Some well-meaning interventions arrived during the authorisation process, but these created their own difficulty.  For example in January 2016, HM Treasury created an exemption so that P2P platforms would not be viewed as collective investment schemes.  However, this made the FCA concerned it could be taken to mean that any non-P2P loan activity on the platform must therefore automatically amount to a collective investment scheme. It has been asking firms to explain why their operations do not amount to CIS but has not yet made any formal pronouncement or blanket statement. On reflection, consultation on the change or some further stakeholder engagement may have prevented this reaction, which cannot have been what HM Treasury intended. 

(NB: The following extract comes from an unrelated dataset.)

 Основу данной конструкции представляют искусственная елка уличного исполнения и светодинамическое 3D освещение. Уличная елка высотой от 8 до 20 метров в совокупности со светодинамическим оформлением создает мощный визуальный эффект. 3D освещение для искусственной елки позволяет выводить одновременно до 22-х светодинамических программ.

So, some exemptions and requirements were clear from the outset yet a number of others emerged over time.  While platforms that were able to make concessions readily or were always at the more straightforward end of the spectrum are now being authorised, firms remaining stuck in the authorisation process are feeling the full consequences of emerging policy concerns. 

The problem with proportionality

To my mind, the proportionate approach taken to the initial rulebook scuppered the overall process, and future sectors may want to request such treatment with caution.  Initially P2P seemed to have received the better end of the bargain, when compared to investment-based crowdfunding platforms that were subject to MiFID or other existing and prescriptive rules.  However, over time it became clear that well-trodden paths provide comfort to case officers who have the all-important task of deeming whether models and practices are safe to allow into the market. 

Every ounce of business plans had to be proven and re-proven as case officers and their superiors needed more clarity than the rules required.  Even where specific requirements had been created for the industry (e.g. the living will obligations), we saw the FCA’s specifications increase far beyond the original detail of its own rules as it sought to get comfortable with new terrain. 

Getting to know you

In addition to predicting and adapting to evolving regulatory requirements, the need to educate the regulator about any new sector should not be underestimated.  Many platforms focussed on becoming au fait with the regulator’s expectations, hiring experienced staff and advisers, but the extent to which education of the FCA was needed was greatly underestimated. 

Should any industry have to force feed their regulator?  It is certainly not the case that there was a lack of transparency or openness to cooperate from what I have seen of the platforms and trade bodies efforts.  However, with the benefit of hindsight, I suspect a more proactive approach to education would have been taken. 

The difficulty here is that, as outlined by the threshold conditions, the FCA must be able to supervise your firm adequately.  Understanding of how your business or market operates is key to this. 

Once the FCA truly grasped the extent and complexity of the industry, the level of probing developed. Two years after taking on the consumer credit industry and 18 months after many applications were in, the FCA conducted on-site visits for firms waiting to be authorised. Thematic review style visits and CASS reviews took up the Summer, alongside increasingly penetrative and focussed questioning from case officers.  In Spring and Summer of 2016 it became clear that the FCA knew enough to identify where it should delve, and delve it did.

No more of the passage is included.